The use of the isometric risk assessment discussed herein together with the minimum threshold of neck muscle force may assist in identifying and/or reducing head and/or neck trauma risks amongst high-risk population groups. While neck-strengthening protocols may be effective and easy to implement, first a reliable, widely available tool must be used to perform neck strength assessment and identify such at-risk individuals. The isometric neck assessment discussed herein thus may be used together with the minimum threshold generating machine learning algorithm or AI further allows for such identification. For example, the machine learning model or AI may be utilized to determine, for a particular individual, a minimum threshold of neck muscle force that can counteract or attenuate forces applied during impact, and the isometric neck assessment described herein may be utilized to determine if the individual's neck strength satisfies their determined minimum threshold.
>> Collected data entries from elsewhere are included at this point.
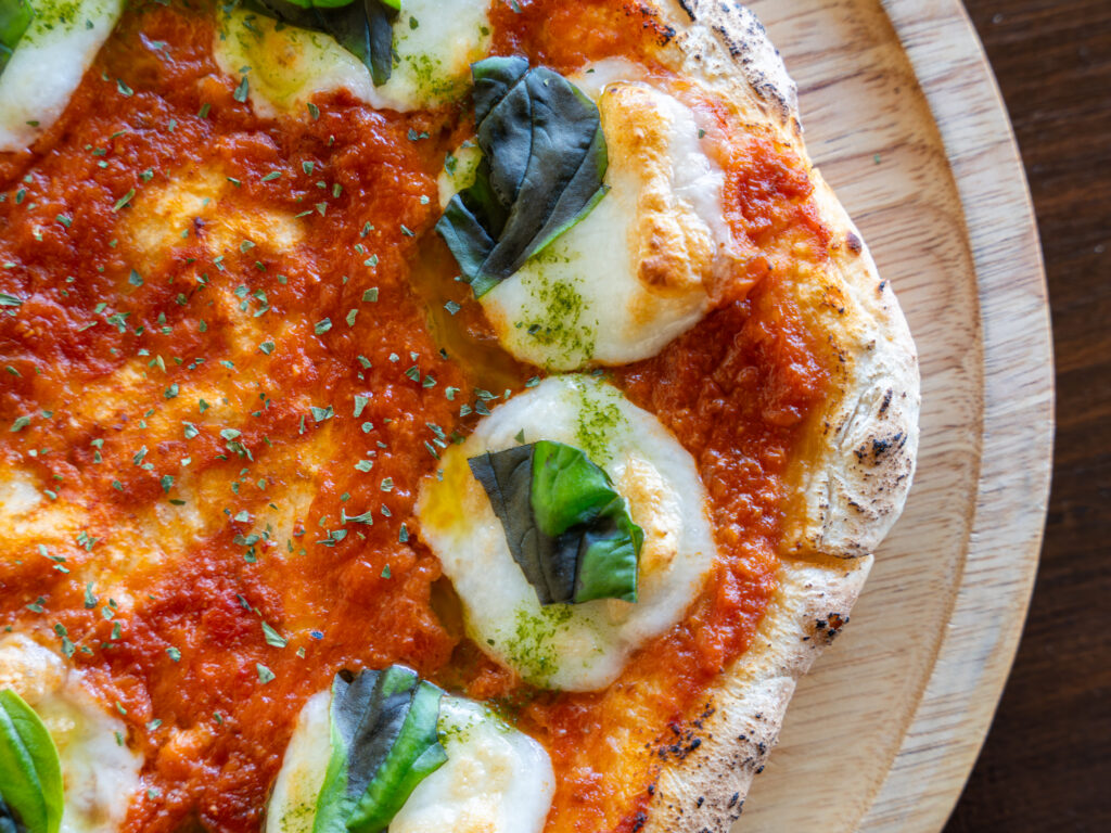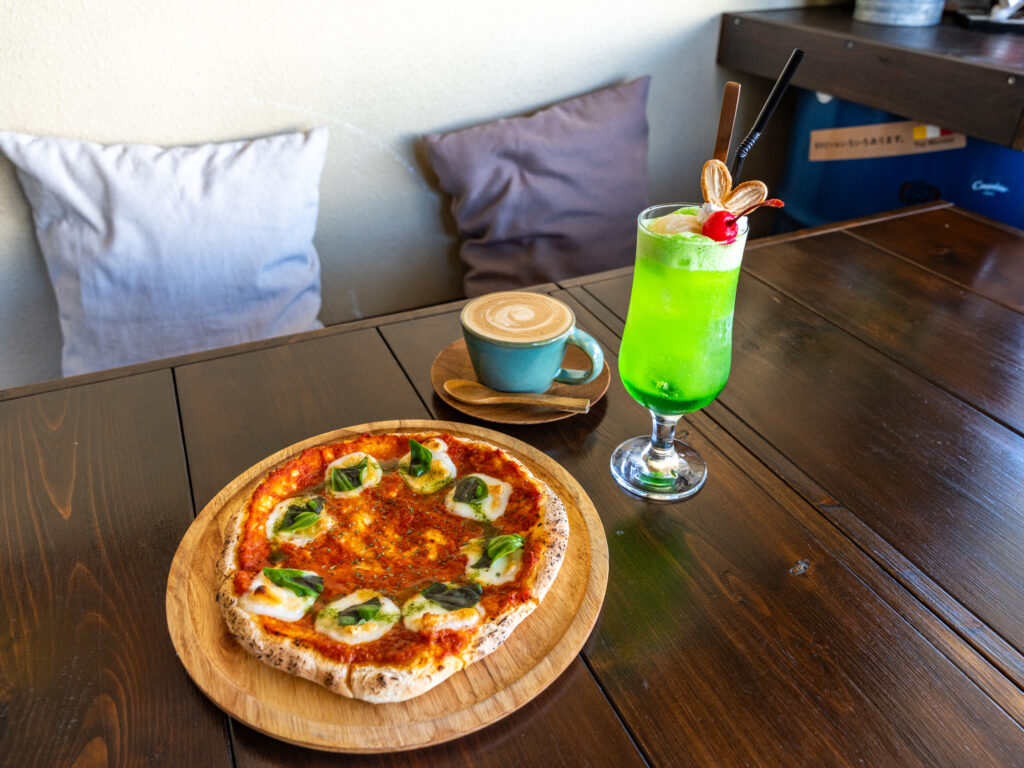 焼きたての香ばしいピザは、カフェバルJUNKYの人気メニューのひとつ。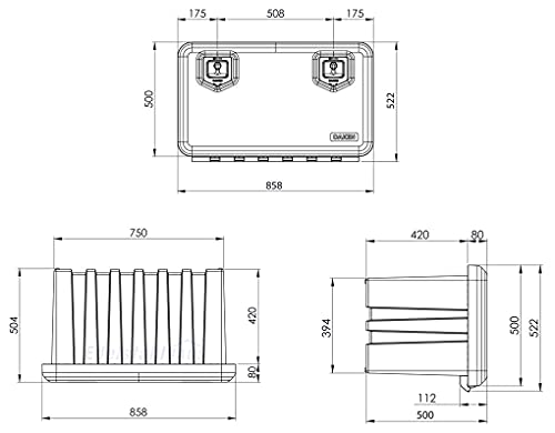 Daken ARKA 858 - Scatola portaoggetti 858 x 522 x 504 mm (L x A x P), contenuto circa 134 litri.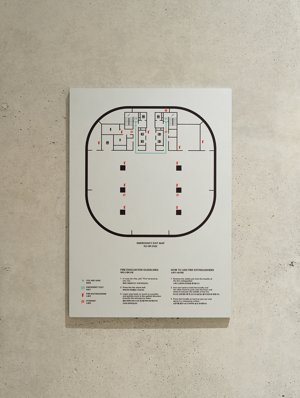 HAUS NOWHERE SEOUL is a mixed-use space housing the brands GENTLE MONSTER, TAMBURINS, NUDAKE, ATIISSU, and Nuflaat, together with IICOMBINED’s offices, spanning from five basement levels to fourteen floors above ground. The signage graphics were developed to align with the tone of the space, prioritizing clarity and visual consistency through a considered information hierarchy and graphic layout. The graphics support intuitive spatial recognition and navigation across the building by responding to floor composition and circulation. Client: IICOMBINED Creative Direction: GENTLE MONSTER (TAESEOK PARK, JAEKYEONG LEE, RAYOUN HWANG) Lead Graphic Designer: HEEWON LEE Assistant Graphic Designer: SUNGMIN LEE Photography: YI LAKYEOM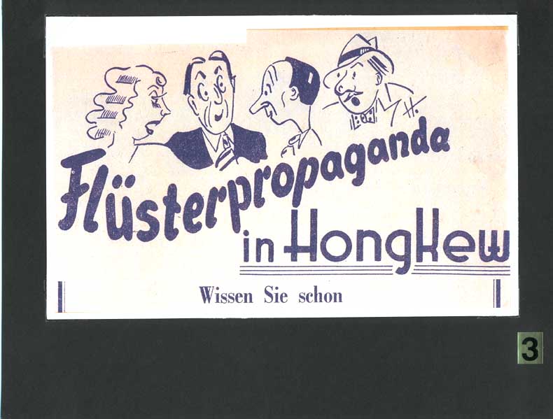 By The talent and endurance of Jewish refugees that Hitler could not take away from refugees fleeing to Shanghai as he did with their precious heirlooms, helped rebuild and transform the ruins left from the 1937 Sino-Japanese War into one flourishing store after another. In a short time, enterprising refugees from Central Europe revitalized Chusan Road, which became the commercial hub of "Little Vienna", with Viennese restaurants, bakeries, and a variety of stores. In figures one and two, we see a photograph of Chusan Road taken during the Hongkew era (courtesy, Horst Eisfelder), and again fifty years later (Photo ) respectively. Chusan Road was the place to go to learn about what people were saying about other people. It was also the street where one could hear the latest "Bonkes" (rumors), here illustrated by way of a cartoon in figure three. Gerhard Gottschalk popular comedian and administrator during the ghetto years referred to Chusan Road in one of his poems, "Wie die kleinen Kinder"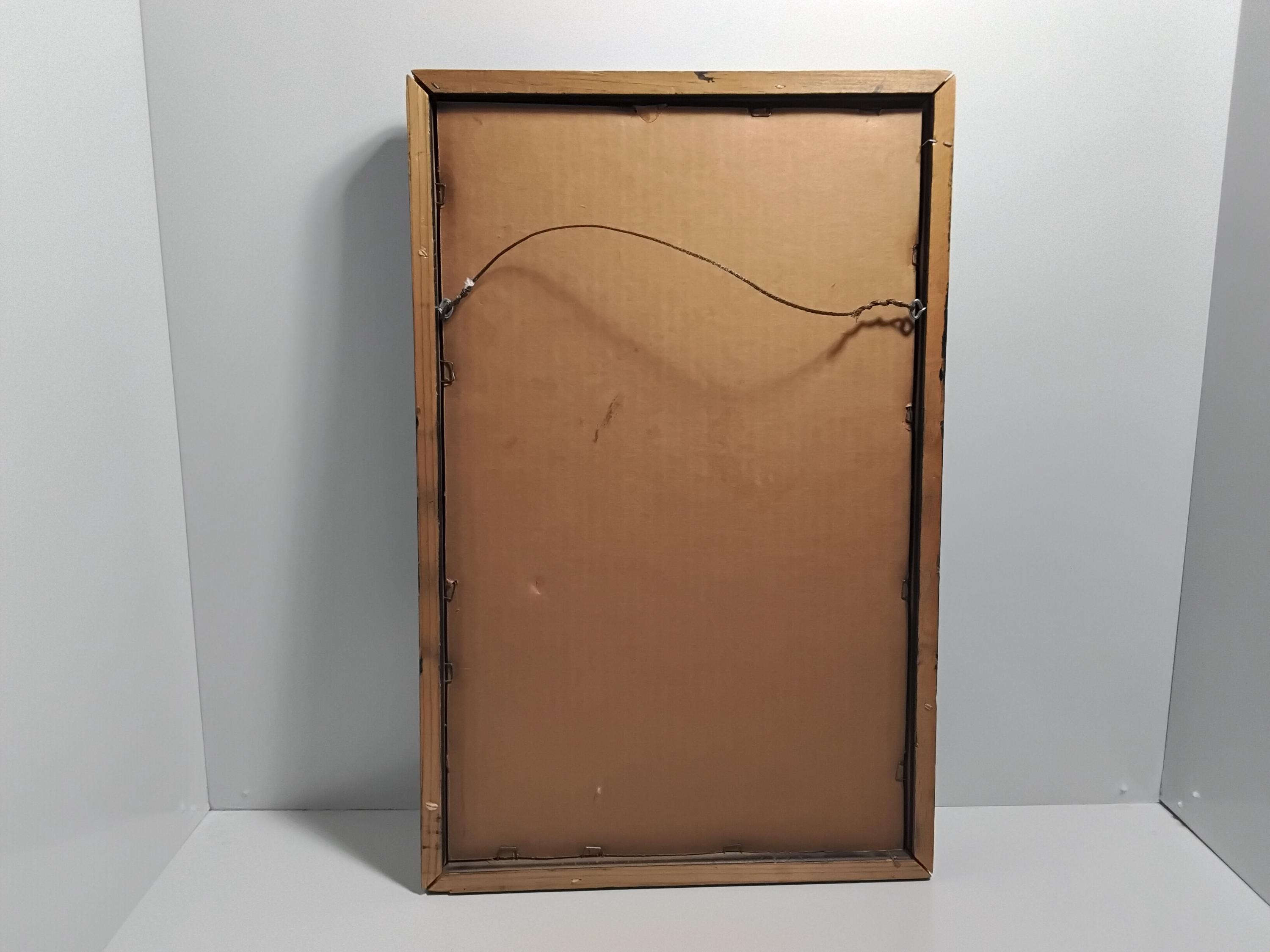 A Girl With A Watering Can was originally painted in 1876 by Pierre-Auguste Renior. This poster represents an exhibit of the old masters of art where they featured Renoirs most famous work. A rare find indeed. The poster is framed most suitable to the actual size of the poster itself. Framed under painted glass and has never been removed. The pretty girl is in her garden ready to water the beautiful plants around her. Its a stunning impressionistic painting imposed onto quality poster board. A collectors item indeed. Frame shows slight signs of wear, however, it is in very good condition for its age. Measures 17" long, 11" wide, 1.5" deep.

The risk assessment discussed above, for example as implemented by the risk processing module 326, in some embodiments may be used for research and/or other analytical purposes. For example, in some embodiments, a machine learning or AI model may be utilized to determine an individual's injury risk that is then correlated with the individual's measured neck strength (e.g., measured via the isometric and dynamic neck assessment discussed herein). Additionally or alternatively, in some embodiments, a machine learning or AI model may be used to determine a minimum threshold of neck strength that is then correlated with the individual's measured neck strength (e.g., measured via the isometric neck assessment discussed herein). Cohorts or other groupings of individuals may be linked based at least in part on their injury risk, minimum thresholds, neck strength, or other data.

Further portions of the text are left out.